Record excerpts
◇ ◇ ◇ ◇

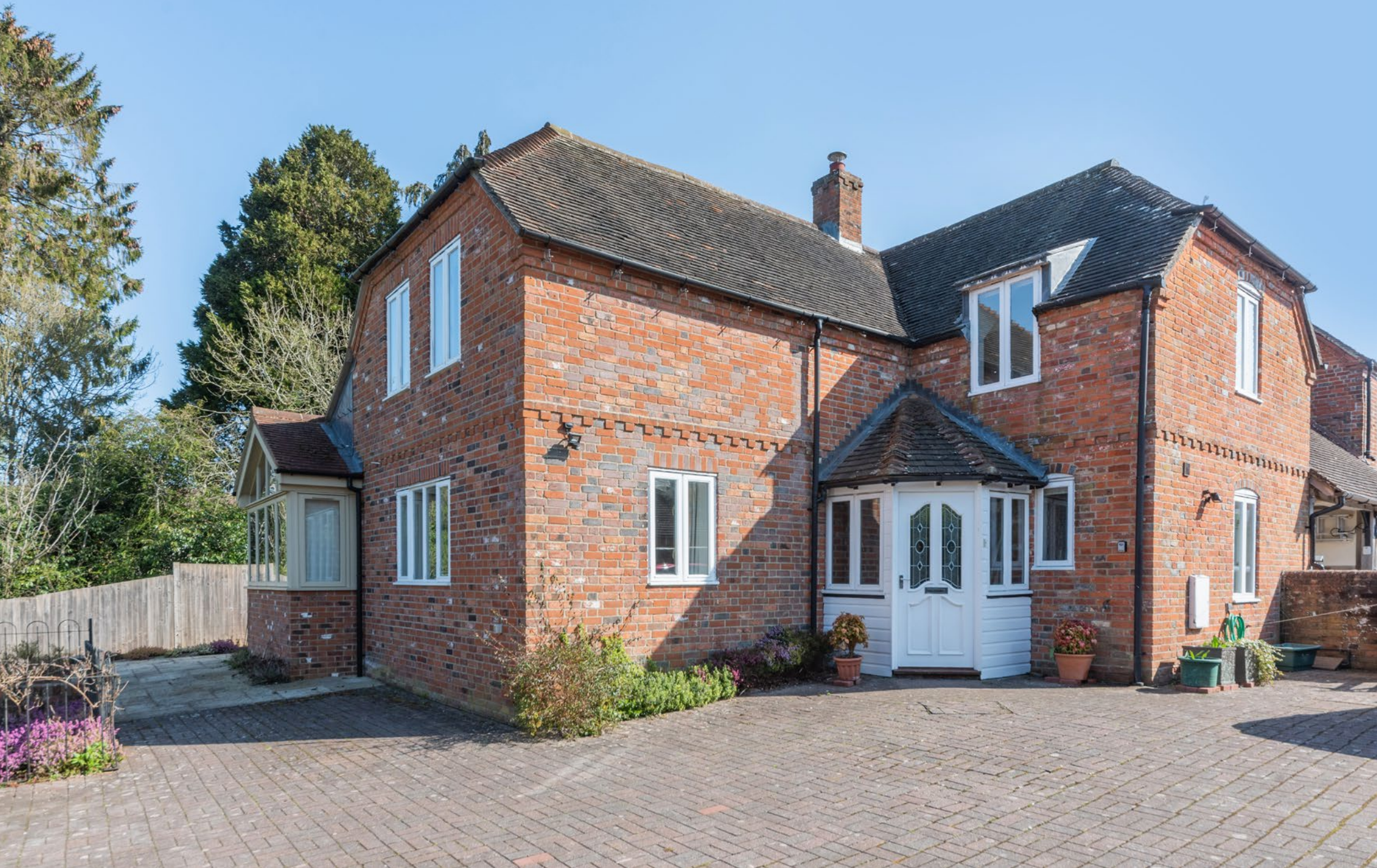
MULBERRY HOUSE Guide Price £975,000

◇ ◇ ◇ ◇

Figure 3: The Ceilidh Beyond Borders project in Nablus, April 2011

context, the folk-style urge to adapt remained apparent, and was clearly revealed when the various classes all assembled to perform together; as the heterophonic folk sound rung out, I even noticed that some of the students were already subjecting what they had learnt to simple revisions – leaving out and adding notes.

◇ ◇ ◇ ◇

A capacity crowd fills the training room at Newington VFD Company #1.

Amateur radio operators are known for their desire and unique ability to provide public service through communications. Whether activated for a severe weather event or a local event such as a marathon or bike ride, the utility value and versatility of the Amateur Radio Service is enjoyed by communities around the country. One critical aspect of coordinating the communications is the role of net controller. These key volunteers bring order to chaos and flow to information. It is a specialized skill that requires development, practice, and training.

◇ ◇ ◇ ◇

Brief
Only one stretch of the entries above is wanted: the lines from the one containing "Figure 3: The" through the one containing "context, the folk-style". Please reproduce it exactly.

Exercise result
Figure 3: The Ceilidh Beyond Borders project in Nablus, April 2011

context, the folk-style urge to adapt remained apparent, and was clearly revealed when the various classes all assembled to perform together; as the heterophonic folk sound rung out, I even noticed that some of the students were already subjecting what they had learnt to simple revisions – leaving out and adding notes.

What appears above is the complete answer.